Analysis
Between the lines of the two-sentence order the Supreme Court issued Friday in the latest Guantanamo detainee case is a constitutional issue that has been building for 20 months. It was actually set off when the Court decided Boumediene v. Bush in late June 2008 — although the Court at that time may not have realized it was doing so.
The question, simply put, is this: When does the judicial power to decide the legal fate of military detainees end so that, thereafter, their fates rest within the discretion of the Executive Branch (with or without action by Congress)? That question has permeated the case of Kiyemba v. Obama (08-1234) — the first direct test of Boumediene set to be heard by the Court — at least from the time it was granted last October. Sometimes, though, that case has seemed to focus on whether a federal judge could order a detainee transferred to live, perhaps temporarily, inside the U.S. But Friday’s order by the Justices, calling for new briefs, brought it front and center again.
The Court’s order directed lawyers on both sides to submit new papers by next Friday afternoon discussing “the effect, if any,” of recent developments involving potential resettlement of the seven Chinese Muslim Uighur detainees still involved in the Kiyemba case. That translates into the question of whether the Court should go on to hear and decide the case (now set for argument on March 23), or put an end to it without a ruling.
Already, the two sides in the case have telegraphed what likely will be the main point of their new briefs. The Uighurs’ lawyers have contended that recent developments do not remove the need for the Court to decide the case; the federal government’s lawyers have argued that those same developments show that the case has changed so greatly that it should simply be dismissed without a ruling.
If it is ended, the practical — and legal — effect could well be that federal judges not only will not have the last word on the Uighurs’ plea for release, but also may lose that authority for most if not all of the remaining prisoners at Guantanamo.  Release, as a real-world possibility, would then depend upon what arrangements, if any, the Executive can make with other countries to accept detainees — and the outcomes will have little or nothing to do with whether the detainees were entitled, as a legal matter, to be released.
The Supreme Court, in Boumediene, gave Guantanamo detainees — for the first time — a constitutional right to challenge their continued confinement by the U.S. military. The Court thus contemplated a judicial remedy if detention were not justified — but without mandating just what that remedy would be. Presumably, it included at least the possibility of release by court order, the traditional remedy for illegal detention.

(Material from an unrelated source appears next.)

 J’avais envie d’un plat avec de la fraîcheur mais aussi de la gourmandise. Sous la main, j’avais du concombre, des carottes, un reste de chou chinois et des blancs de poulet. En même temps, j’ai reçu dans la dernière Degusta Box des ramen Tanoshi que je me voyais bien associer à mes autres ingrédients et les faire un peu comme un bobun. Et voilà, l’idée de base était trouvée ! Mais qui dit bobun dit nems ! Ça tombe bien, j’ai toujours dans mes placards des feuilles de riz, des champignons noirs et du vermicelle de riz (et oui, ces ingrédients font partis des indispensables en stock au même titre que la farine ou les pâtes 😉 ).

As the federal district judges in Washington, assigned the task of implementing Boumediene, have worked through that task in the intervening 20 months, they ultimately have had to grapple with the issue of the remedy the Supreme Court had authorized them to adopt, if they found detention unjustified.  After the D.C. Circuit decided the Kiyemba case, however, they found they no longer could order release, and have it actually happen; they could only direct the Executive to use its diplomatic powers to work out release in the form of resettlement to a foreign land.
As this is working out for the seven Uighurs in the Kiyemba case, they have had offers to go to three countries — the Pacific island of Palau, the Indian Ocean island nation of Maldives, or Switzerland. As of now, the Court has been been given conflicting information on whether any of those offers remains open, and it has been given no information that any is definitely going to work out. But what is clear is that the Executive Branch holds control over the outcomes, not the federal judges.
What Friday’s order brings into higher relief, however, is the reality that the Executive’s discretion carries with it the potential to keep the Supreme Court from ever reaching the issue of when judicial power under Boumediene ceases. If a case does get to the Supreme Court, diplomatic efforts may work out just in time to keep the Court from hearing it.  That, in fact, is what may be happening with Kiyemba, and could happen with any potential sequel.
If the Court were now to accept the government’s suggestion to simply dismiss the case without a decision, that would leave intact the D.C. Circuit ruling that curtails federal judges’ power to have the last word on detainees’ release. The constitutional issue lurking since Boumediene would then have been largely resolved by the D.C. Circuit, not the Supreme Court.
The government’s diplomatic efforts to secure the Uighurs’ resettlement perhaps were not explicitly intended to achieve that result, but that could be their practical effect. Lawyers for detainees have complained in the past that the government has previously sought to protect its victories in lower courts on detainee issues by keeping a challenge out of the Supreme Court’s hands. Their complaint has been shared by at least one federal appeals court in an earlier case (the Jose Padilla case), questioning whether the government had been attempting to manipulate the judicial process — a concern that government lawyers say is not justified.
Because detainees have succeeded, to a greater or lesser extent, in each of the Supreme Court’s major decisions on detention issues so far, counsel for the prisoners obviously have more reason for optimism than government lawyers do when a new case arises.